__What you should do__
Starting at the line that contains "出港してすぐにイルカの群れと", write out every line to the end of the records below exactly, and leave out the pictures.

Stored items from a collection
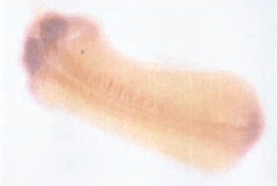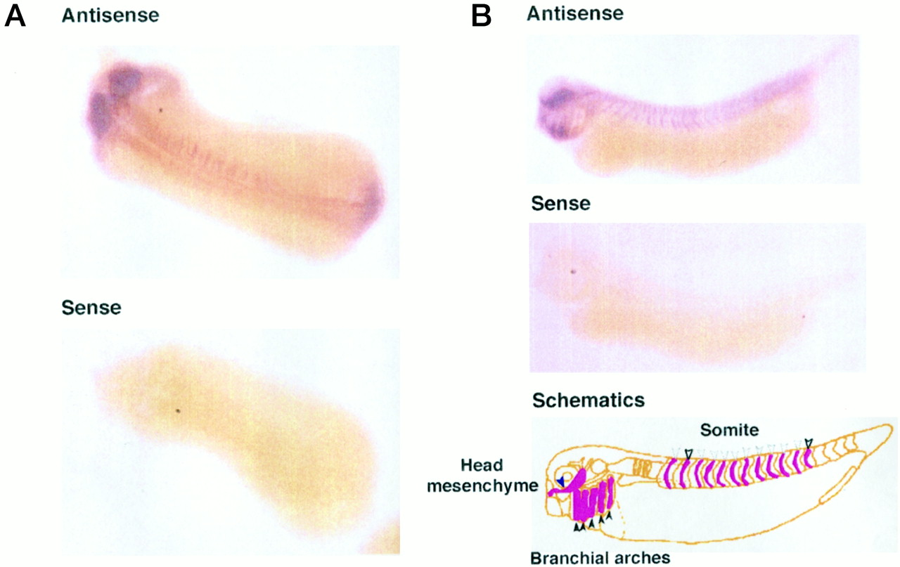 Whole mount in situhybridization of XSII-K1 mRNA. Embryos at the neurula stage (A), and tail bud stage (B) were treated with the antisense or sense probe of XSII-K1. For hybridization-positive tissues, headmesenchyme, somite, and branchial arches are indicated by blue, white, andblack arrowheads, respectively. Illustration represents a tail-bud stage embryo.
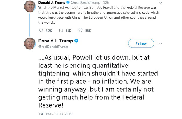 "Ono što je tržište želelo da čuje od Džeja Pauela i Federalnih rezervi jeste da je ovo početak dugotrajnog i agresivnog ciklusa snižavanja kamate, koji će ići u korak sa Kinom, Evropskom unijom i drugim zemljama širom sveta. Kao i obično, Pauel nas je izneverio", napisao je Tramp na Tviteru.
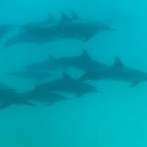 出港してすぐにイルカの群れと出会いました。結構体育会系で、45分間ほど海で泳ぎ、のべ50匹近くを数mの距離で見られたと思います。
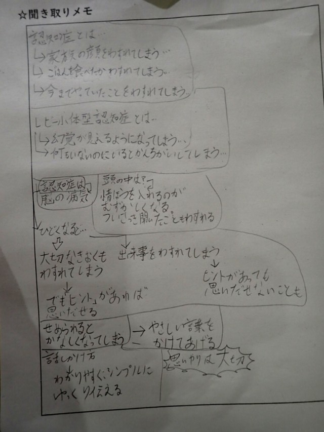 寸劇を見せていただいたり、認知症の方とどのように接するかロールプレイをしたりしました。
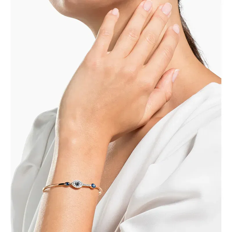 Este brazalete Swarovski fusiona el brillo del cristal pavé con la profundidad de los cristales azules, realzados por el contraste elegante del baño de oro rosa. Su doble motivo —un ojo protector y una gota azul intensa— refleja equilibrio, intuición y energía positiva.

__Solution__
 出港してすぐにイルカの群れと出会いました。結構体育会系で、45分間ほど海で泳ぎ、のべ50匹近くを数mの距離で見られたと思います。
 寸劇を見せていただいたり、認知症の方とどのように接するかロールプレイをしたりしました。
 Este brazalete Swarovski fusiona el brillo del cristal pavé con la profundidad de los cristales azules, realzados por el contraste elegante del baño de oro rosa. Su doble motivo —un ojo protector y una gota azul intensa— refleja equilibrio, intuición y energía positiva.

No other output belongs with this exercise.